Sasha didn't stop rolling his eyes. Frankly, he didn't see much of a difference: call it what you would, a church was a church. And that one wasn't even a nice church. The place looked decrepit, on the verge of falling apart, from the looks of it. Whether or not that was because there wasn't a single source of light anywhere near the church, he couldn't be sure. In fact... he wasn't even sure that their headlights were on, now that he thought about it.

He looked up at Artturi, nervous. Afraid to even ask. "Artturi, are the headlights turned on?"

"Nope." Artturi didn't even hesitate. "It's a little too dangerous for us to have the headlights on: they'd be able to find us easier than a stray dog can find a bone with meat left on it if we turned them on."

"And... the lights don't work," Arkadiy said. "In fact, I don't know that the lights in this car have ever worked. How has it taken this long for you to figure it out?"

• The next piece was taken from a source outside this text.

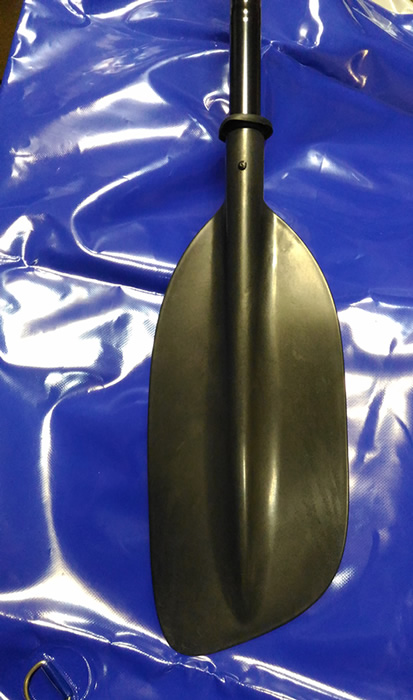Весло разбирается на 2 части и имеет два разворота лопасти. При сборке весла соединяются кнопочным фиксатором. Для изготовления лопастей весел используется высокопрочный полиэтилен. Размер лопасти - 19 х 47 см.

Artturi didn't say anything for a few seconds. "...huh. I... guess that explains a lot."

Huh? Artturi had just figured out that the lights on that car weren't functioning, and all he had to say about it was huh?!

"Damn it, Artturi: you're the only one who knows how to drive out of all of us," Nadya said. She was looking just as frightened Sasha was at that revelation, though it was kind of hard to tell without any lights on anywhere. "You're going to get someone killed doing that!"

Thank God, Nadya was willing to yell at him over that: Sasha didn't know if it was because of the fact that he was bleeding out from his knee from Anastasia's bullet, but he didn't really have the energy to chastise Artturi at that point.

"No, I won't," Artturi said with a dismissive flick of his wrist. "I'm a good drivers: only bad drivers kill people." He looked back at the people in the back seat. "Speaking of driving, Sasha: don't suppose you know how to do it, do you? We could always use more people who can-"

"Eyes on the road and both hands on the wheel!" Nadya snapped.

Artturi snorted as he drove up to the church and parked in front of it. "Relax, Nadya: it's not a big deal."

"Slipping on ice and falling on your ass isn't a big deal," Nikola said. It was the most the kid had said since they'd left the prison, the poor bastard. Sasha was almost positive that he'd seen some unspeakable things in there, or maybe had some awful horror inflicted on him while he was in there. "Crashing the car because you can't see, getting people hurt, and possibly getting killed is a really big deal."

"Especially when it's right by the lair," Arkadiy chimed in as Artturi parked. "You don't think they'd search every building on this street for the drivers of this car filled with illegal shit? Including the church?"

"We're here, aren't we?" Artturi asked. "Besides: stop acting all smart, over there. I'm not the one who fell through ice on the Neva just to get a hat. In spring. When it was obvious that the ice was too thin to hold that fat ass of yours."

Arkadiy gave a one-fingered salute to that, to which Artturi just laughed.

They all piled out of the car, Arkadiy helping Sasha walk, and walked up to the church doors.